Und Natalie Portman gibt alles, sie zittert, sie fährt aus der Haut, als ihr erklärt wird, dass ihrem Mann eine Beerdigungsprozession, wie Lincoln sie bekam, aus Sicherheitsgründen versagt werden soll. Sie schweigt, sie donnert, sie wimmert und sie schluchzt. Sie macht deutlich, wie wichtig Augenbrauen sind (was ihr zu Recht eine Oscarnominierung einbrachte). Zu viel Zeit hat sie allerdings in das Nachahmen des unterwürfigen Tonfalls der echten Jacqueline Kennedy investiert, den die First Lady anknipste, sobald eine Kamera auf sie gerichtet war. Dazu Jackies Mid-Atlantic-Accent, der eine sehr eigenwillige Mischung aus dem amerikanischen und dem englischen Akzent ist, den Portman in der Annahme, es bis zur Perfektion treiben zu können, stattdessen bis an die Grenze zum Debilen verfremdet.

Larraín balanciert geschickt zwischen Entmystifizierung der Ikone Jackie Kennedy und der Konservierung ihres Images als Stilikone, deren Charisma bis heute nachwirkt.

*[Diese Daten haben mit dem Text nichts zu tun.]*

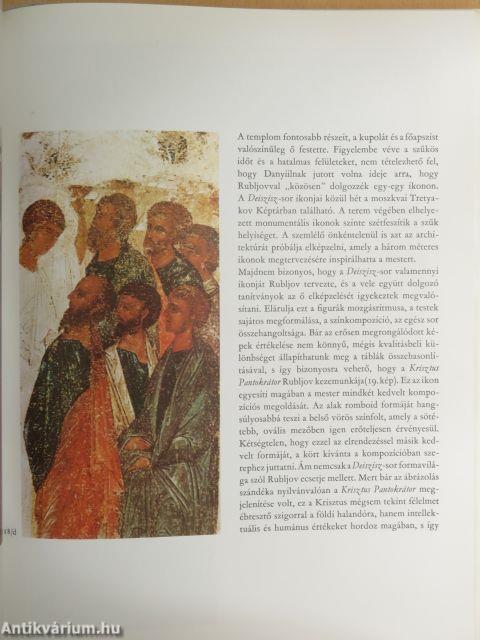 Az olvasó hiteles képet kap az egykori orosz kolostorok életéről, művészi tevékenységéről, arról a társadalmi és kulturális közösségről, amilyenben Andrej Rubljov is élt. Összevetheti e korszak - a XIV-XV. század - orosz és nyugat-európai művészetét, illetve párhuzamot vonhat Andrej Rubljov festőzsenije, valamint az itáliai trecento és quattrocento mestereinek csodálatos művészete között. A Rubljov-album képanyagát a szerzők helyszínen készült felvételeiből állítottuk össze. A 122 darab - kizárólag színes - reprodukció az alkotásokhoz méltó színvonalon tolmácsolja a nagy orosz ikonfestő művészetét.
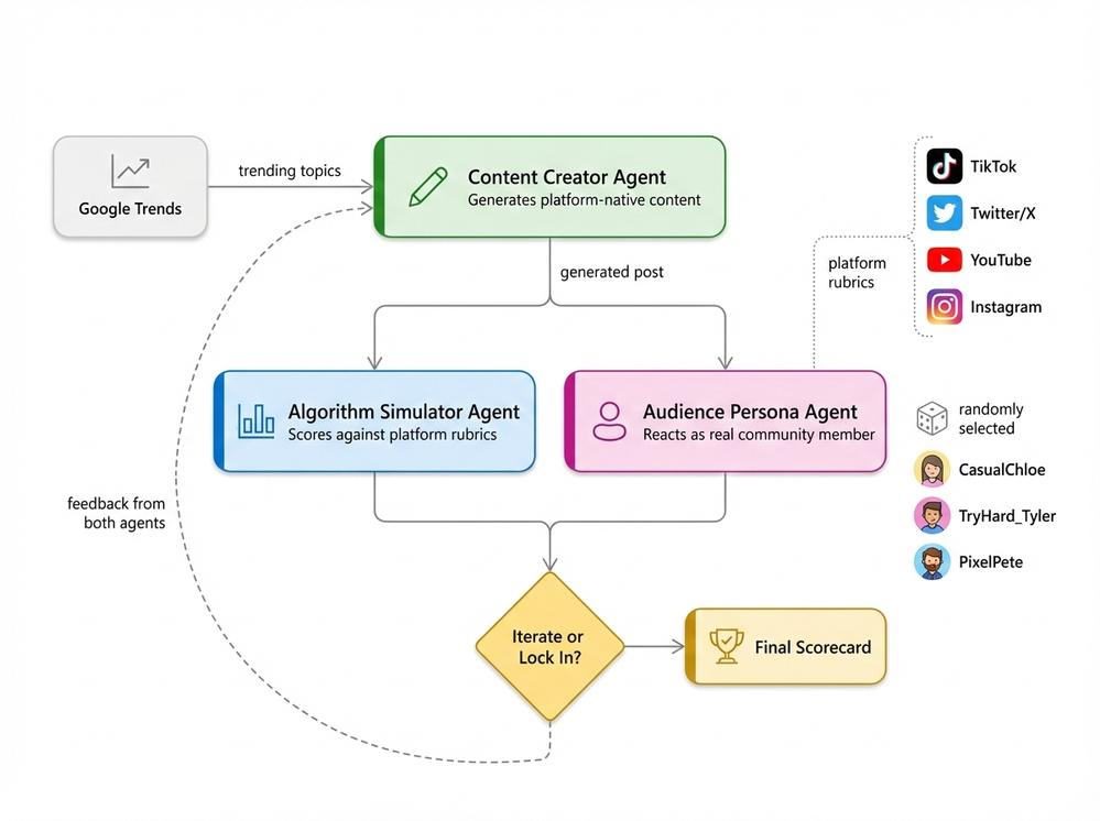 System architecture: The Content Creator generates platform-native content from live trends, the Algorithm Simulator scores it against platform-specific rubrics, and a randomly selected Audience Persona reacts authentically. Feedback from both evaluators flows back to the Creator for iterative refinement.

Melania Trump ist hierfür kein gutes, aber ein Beispiel. Was er gänzlich ignoriert, sind die boulevardesk ausgeschlachteten Skandale um die Ehe der Kennedys, das wäre eine Art vulgärer Voyeurismus, der dem Film sehr geschadet hätte. Subtil aber thematisiert Larraín Jackies schnellen Griff zu Tabletten, ihr Geltungsbedürfnis und den emotionalen Panzer, den sie sich als eine Frau der 1960er Jahre zulegen musste, die den Mief von Truman und Eisenhower aus dem Weißen Haus vertreiben wollte.

Nur ein sarkastischer Satz, kurz bevor sie aus dem Flugzeug in Dallas steigt, muss reichen (»Ich liebe Menschenmassen«), um die Panik abzubilden, die sie vor der Öffentlichkeit entwickelte. Der Fokus, den Larraín gewählt hat, Jackies fast wahnhaftes Streben nach Heiligsprechung der Familie, in dem sie die einzige Möglichkeit sah, selbst mit erhobenem Haupt weiterleben zu können, ist dennoch ein enges Korsett, in das er seine Protagonistin steckt. Nichts, so hat es Jacqueline Bouvier einmal ins Jahrbuch ihrer Abschlussklasse geschrieben, fürchtete sie mehr, denn als Hausfrau zu enden. Diese Angst, die sie ihr Leben lang antrieb, deutet der Ausschnitt, den Larraín gewählt hat, nur an. Was bleibt, ist der verbissene Kampf einer Frau, die ihrem eigenen Camelot-Mythos verfallen war.